На чем Россия держится?.. На мужике. Вот закрывают кабаки – два закроют, а один откроют, а мужики тащат да тащат деньги... Поеду в Петербург, буду стараться за мужичков...

Ты вот что, дорогой, напиши, коль ты так уж писать хочешь... вот что: всяка аристократия мужичком питается... Мужичок – есть сила и охрана ее, аристократии-то. Мужичок – знамя, и знамя то всегда было и всегда будет высоко...»

Но сейчас перед ним не царь и не газетный корреспондент, а Клюев, отношение которого к «землице Божьей» знает Григорий Ефимович. И подыгрывает, не лицемеря. Ибо сам понимает – это последняя и единственная возможность предотвратить грядущий пожар. В общем-то уже несбыточная.

И опять все видит Клюев. И снова пытается говорить о другом.

«Старался я говорить с Распутиным на потайном народном языке о душе, о рождении Христа в человечке, о евангельской лилии, он отвечал невпопад и, наконец, признался, что он ныне «ходит в жестоком православии». Для меня стало понятно, что передо мной сидит Иоанн Новгородский, заклявший беса в рукомойнике, что стон, который я слышал за нашей молитвой перед пирогом, суть жалоба низшей плененной Распутиным сущности.

Расставаясь, я уже не поцеловал Распутина, а поклонился ему по-монастырски...».

И, уже обозначив отчетливую дистанцию между собой и Распутиным, проведя незримую и непереходимую черту, привел к нему Клюев Есенина, который, судя по всему, чрезвычайно понравился «старцу», больше, чем его «сомолитвенник» – и получили они тогда рекомендательное письмо к полковнику Ломану. А тот взялся за дело по-хозяйски.

По донесениям филеров, Дмитрий Николаевич Ломан с октября 1914 по декабрь 1916 года посещал Распутина 19 раз. И тут – хочешь не хочешь – задашь вопрос: какую роль он играл в дворцовой интриге вокруг «старца»?

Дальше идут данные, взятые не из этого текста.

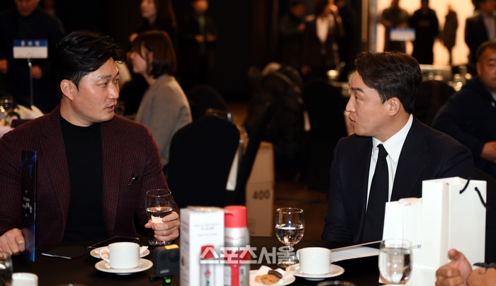젊은 감독들이 모인 다른 테이블은 ‘현대 유니콘스 동문회’로 열렸다. 한화 최원호 삼성 박진만 키움 홍원기 감독에 초보 사령탑으로 시상식장에 처음 참석한 SSG 이숭용 감독이 합류했다. 이들을 본 KIA 심재학 단장은 “현대 동문회”라며 주최측의 센스(?)에 엄지를 치켜들었다.
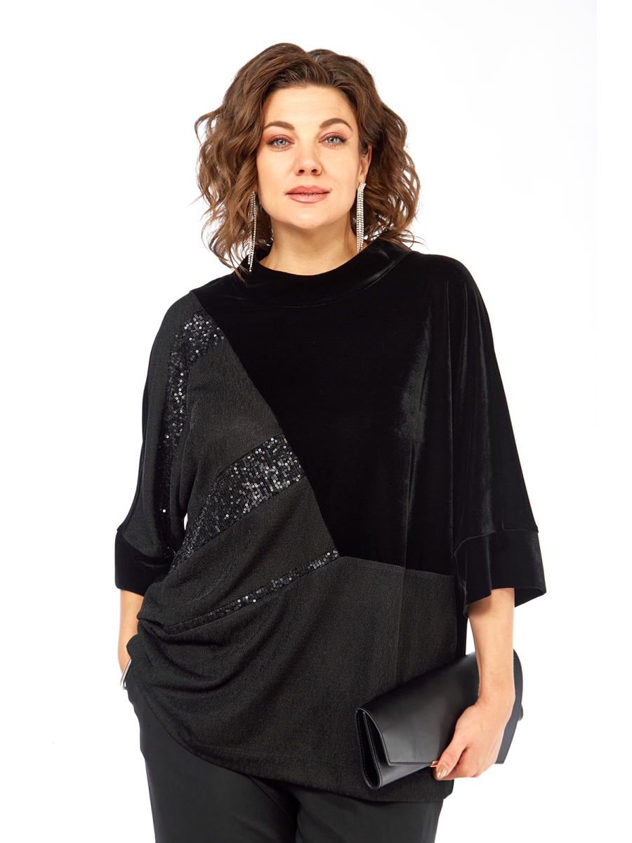 Джемпер женский, нарядный, свободного кроя. Выполнен путем комбинирования трикотажного полотна и бархата, с декоративными вставками пайеток по переду. Горловина обработана воротником стойкой. Рукава цельнокроеные с притачными манжетами.

Он устраивает чтение (по отдельности) Николая Клюева и Сергея Есенина перед императрицей Александрой Федоровной. Клюев в «Гагарьей судьбине» вспоминал об этом чтении без особого восторга:

«Как меня учил сивый тяжелый генерал, таким мой поклон русской царице и был: я поклонился до земли, и в лад моему поклону царица, улыбаясь, наклонила голову. «Что ты, нивушка, чернешенька...», «Покойные солдатские душеньки...», «Подымались мужики-пудожане...», «Песни из Заонежья» цветистым хмелем сыпались на плеши и букли моих блистательных слушателей.

Два раза подходила ко мне царица, в упор рассматривая меня. «Это так прекрасно, я очень рада и благодарна», – говорила она, едва слышно шевеля губами. Глубокая скорбь и какая-то ущемленность бороздили ее лицо.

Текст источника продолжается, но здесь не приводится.